The Satnav threw a wobbly in the midst of a maze of narrow streets in Montauban. They were all one-way and there was no apparent reason which direction they should choose to go. So we followed a car that seemed to be going in the right direction. Mistake. A couple of hundred yards further and the road was barred by bollards, so was the next and the next. They were automatic bollards barring any but residents with the correct gizmo on their cars from accessing their compound and we had followed a resident, fortunately before the bollard thrust its way through the floor of the car. After a bit of hand wringing we found the woman we had followed and she did the business with her gizmo and set us free.

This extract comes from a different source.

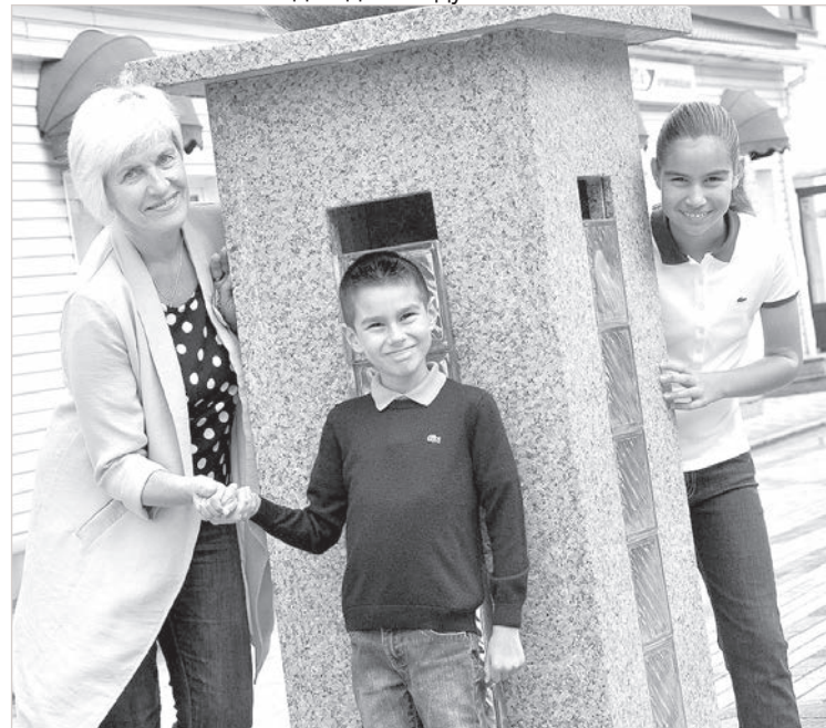
Латвийская бабушка и американские внуки.

Spring has sprung, the grass doth grow and the grandson has begun work on putting up his garage/ workshop next door. His gallant copine is his navvy. It’s not too noisy so far but I can foresee a summer with a churning concrete mixer over the hedge. That assumes he’ll keep going and doesn’t damage himself. He was off games yesterday after he dropped a log on his foot.

Pizza

We have a meeting in late morning tomorrow to discuss this year’s village fete. About thirty locals will be there. The clan patriarch was round a couple of days ago to take our lunch orders, paid for by the surplus from last year. The choice was restricted to pizza, not my favourite, but mine should be seafood. I hope without whelks.
The matriarch is at that stage of life when she yo-yos in and out of hospital. She’s home at the moment. One of her sons told me that a cousin of hers had died a day or two ago and will be funeralised in the abbey at Moissac. He was a bit dodgy apparently but left a large litter. I asked how many cousins he had. He shrugged. His mother comes from several generations that all had a minimum of four children apiece, often with a variety of partners. This tradition has continued is still continued. His cousins will be counted by the hundred.
A string of 100+ cranes passed over yesterday heading north. They fly higher than geese and there are more of them in a skein. The noise, utterly different from geese is what makes you lift your head.